Он понимал, конечно, что говорит лишнее, но обида на Наташу была слишком велика. Он с нее, паразитки, пылинки сдувал, боялся даже и подумать о том, как велико его притяжение к этому телу, не поцеловал ее даже ни разу, а она...
А она смотрела на него потемневшими серьезными глазами.

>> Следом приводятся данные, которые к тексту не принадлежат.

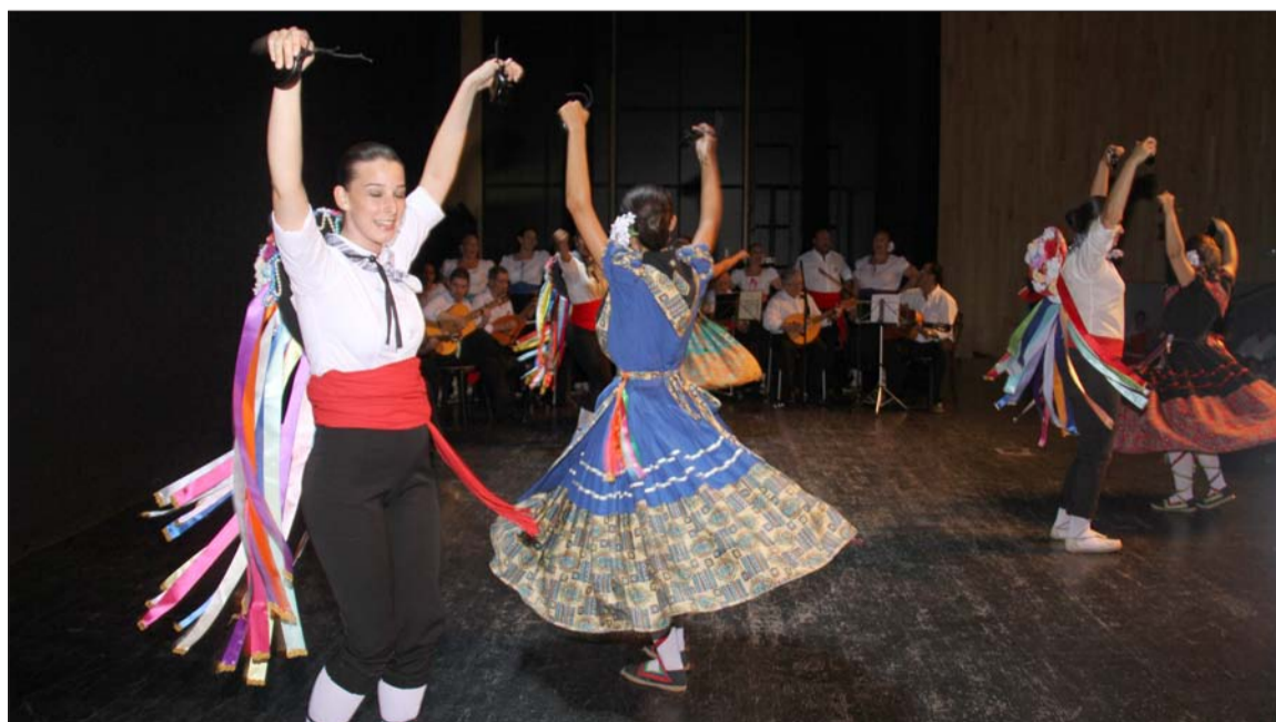
Verdiales durante el acto celebrado en el Auditorio Edgar Neville de la Diputación.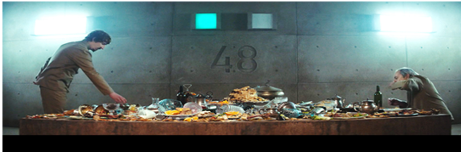
Resim 9. Sömürü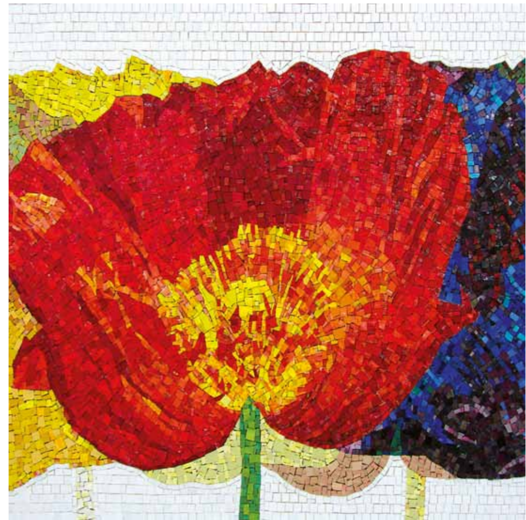
Poppies 200 x 200 cm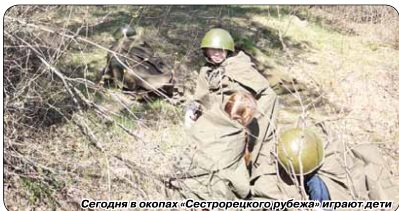
Сегодня в окопах «Сестрорецкого рубежа» играют дети

ра, сыграл именно Сестрорецко-Белоостровский участок Карельского укрепрайона. В 1941 году здесь держали оборону подразделения 106-го и 283-го отдельных пулеметно-артиллерийских батальонов, 120-й истребительный батальон под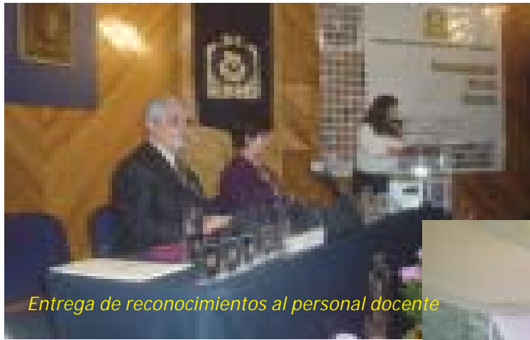
Entrega de reconocimientos al personal docente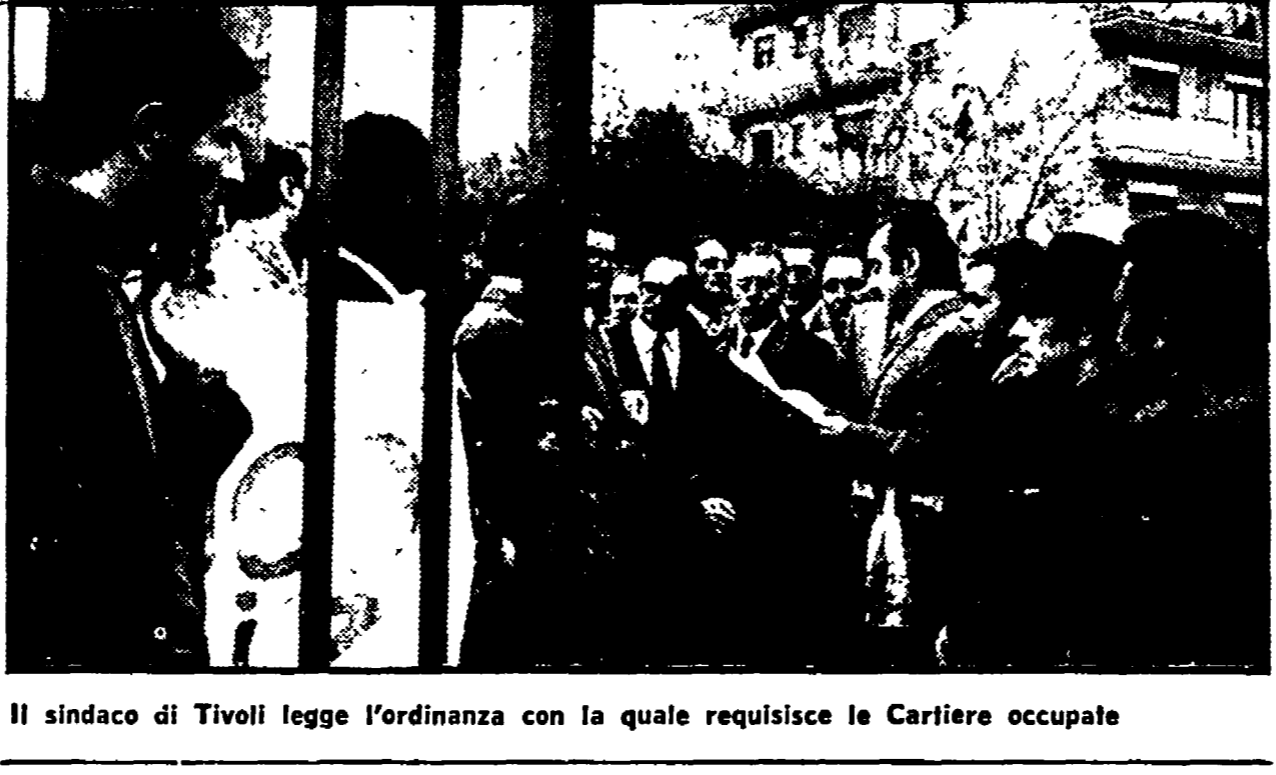
Il sindaco di Tivoli legge l'ordinanza con la quale requisisce le Cartiere occupate

Si fermano stamane gli edili - Alle ore 9 assemblea al cinema «Colosseo» - In lotta i dipendenti della FIAT di Grottole - Scioperano a tempo indeterminato gli operai della Romana Arredamenti - Protesta degli impiegati al ministero della Difesa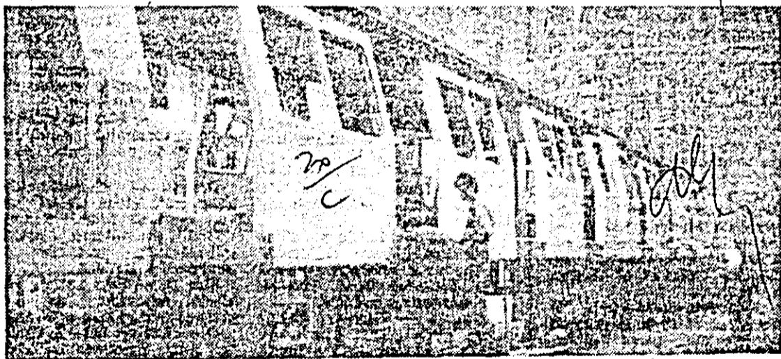
I.V.A. Aspect de muncă în secția montaj vagoane de metrou.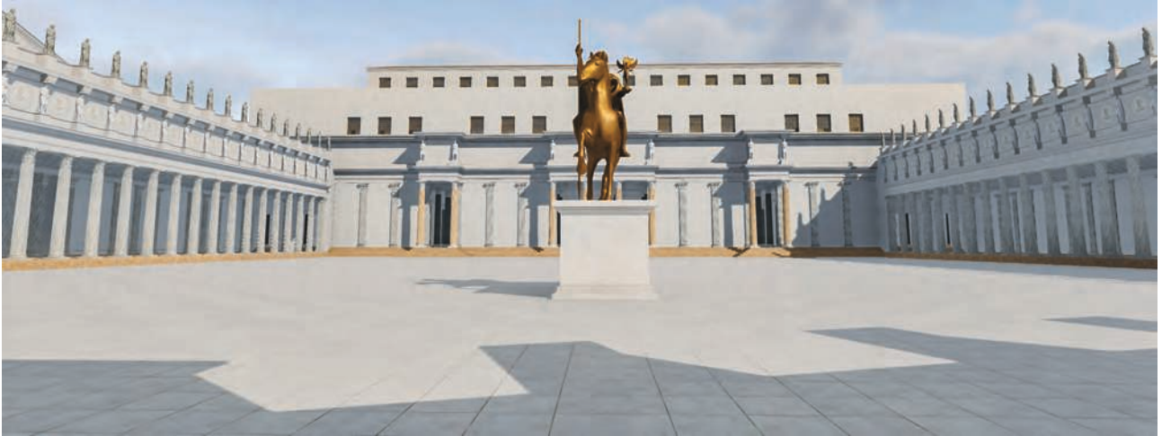
Fig. 7 – La grande place du Forum de Trajan depuis son extrémité sud-est (solstice d’été – début de la matinée) (Université de Caen Normandie, CIREVE, Plan de Rome).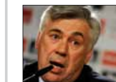
أنشيلوتي يندرج كাকা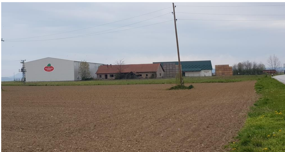
Prikaz 9 Izgrađeni dio Gospodarske zone u Cargovcu – hladnjača za povrće

Unutar zone je izgrađen otkupno – distributivni centar za povrće s hladnjačom – PZ Varaždinsko povrće. Uz centar, unutar zone za sada funkcionira samo još jedna djelatnost – uzgoj i prodaja božićnih jelki. Ostatak zone je za sada neizgrađen, a zemljište se koristi za poljoprivrednu obradu.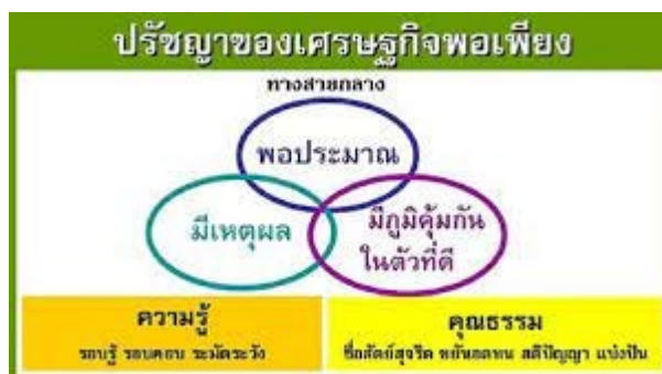
ภาพที่ 2 ปรัชญาเศรษฐกิจพอเพียง

1. แนวทางการแก้ไขปัญหานี้สินของกำลังพลกรมการสารวัตรทหารบก โดยใช้แนวคิดหลักปรัชญาเศรษฐกิจพอเพียง เศรษฐกิจพอเพียง 11 เป็นปรัชญาชี้ถึงแนวการดำรงอยู่และปฏิบัติตนของประชาชนในทุกระดับตั้งแต่ระดับครอบครัว ระดับชุมชนจนถึงระดับรัฐ ทั้งในการพัฒนาและบริหารประเทศให้ดำเนินไปในทางสายกลาง โดยการนำไปปรับใช้ในชีวิตประจำวัน ไม่ใช้จ่ายเกินตัว สร้างภูมิคุ้มกัน เช่น การทำบัญชีรายรับรายจ่าย การใช้สิ่งของในราคาที่เหมาะสม เศรษฐกิจพอเพียงเป็นแนวปรัชญาที่ทุกๆ คนสามารถนำไปปฏิบัติในชีวิตประจำวันได้ ไม่ว่าจะเป็นตัวเราเอง นักเรียน เกษตรกร ข้าราชการ และประชาชนทั่วไป ตลอดจนบริษัท ห้างร้าน สถาบันต่างๆ ทั้งนอกภาคการเกษตรและในภาคการเกษตร สามารถนำไปปฏิบัติได้ การดำเนินชีวิตตามหลักเศรษฐกิจพอเพียง คำนึงถึงหลักการ 3 ประการ ดังนี้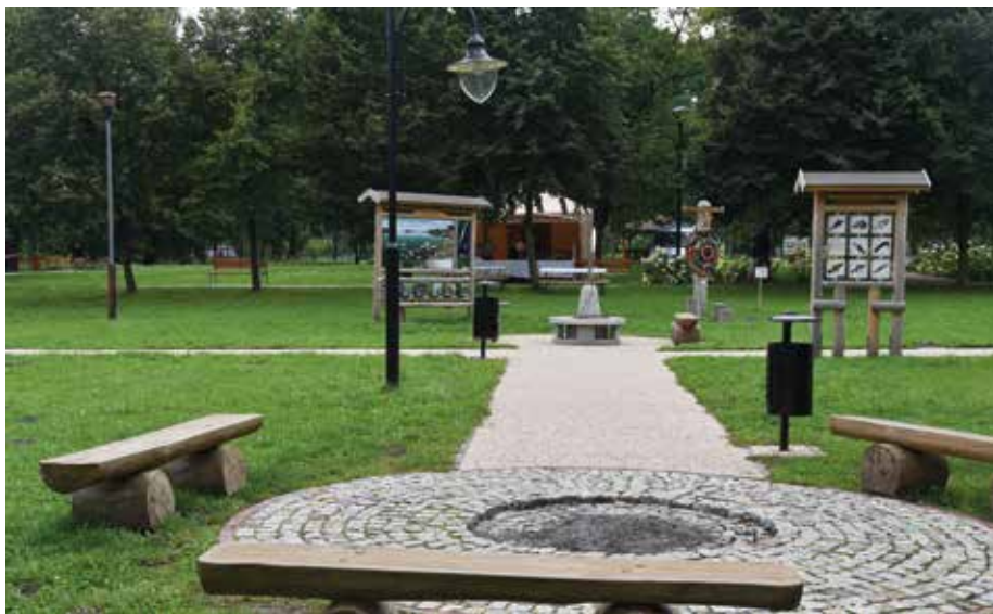
| Park w Dzierżącej.

sprzedany Izbie Rzemieślniczej w Warszawie i zaadaptowany na ośrodek kolonijny. Teren w kolejnych latach ma kilku właścicieli. Od 1976 r. jego użytkownikiem były Zakłady Przemysłu Bawełnianego im. Obrońców Pokoju „UNIONTEX”. W 1984 r. teren Zakładowego Ośrodka Wczasowego wyposażono w instalacje: elektryczną, wodociągową i ściekową. Pobudowano drogi, place, parkingi, boiska i ciągi pieszce oraz wybudowano 20 domków kempingowych. W 1984 r. wichura uszkodziła szereg wartościowych drzew. W 1989 r. nastąpiła w Polsce zmiana systemu polityczno-gospodarczego, która spowodowała przekazanie (jako część majątku przedsiębiorstwa)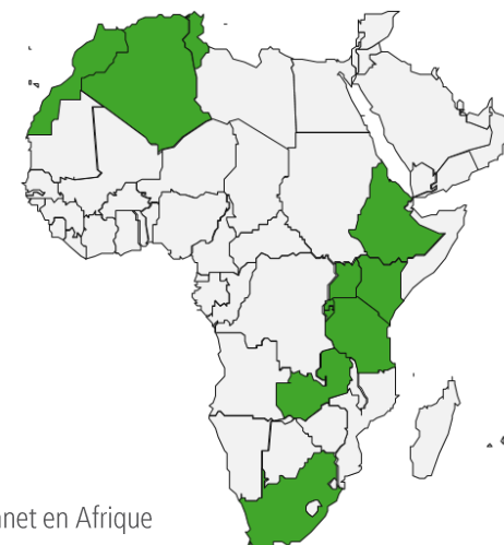
RGT Planet en Afrique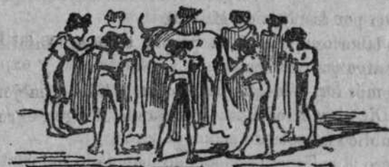
Solos y en los medios.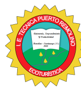
IE Puerto Remolino

– Уходи, – вдруг медленно и грозно сказала Наташа.
– Что? – не понял Дима.
– Уходи, – настаивала она. – Без тебя теперь обойдемся. Ишь, умник выискался! Чистоплюй! Жри сам свои биг-маки, а меня уволь!
Наташа сорвалась на крик, а потом уронила голову на руку и снова залилась слезами. Подняла голову она только тогда, когда услышала, как громко захлопнулась входная дверь.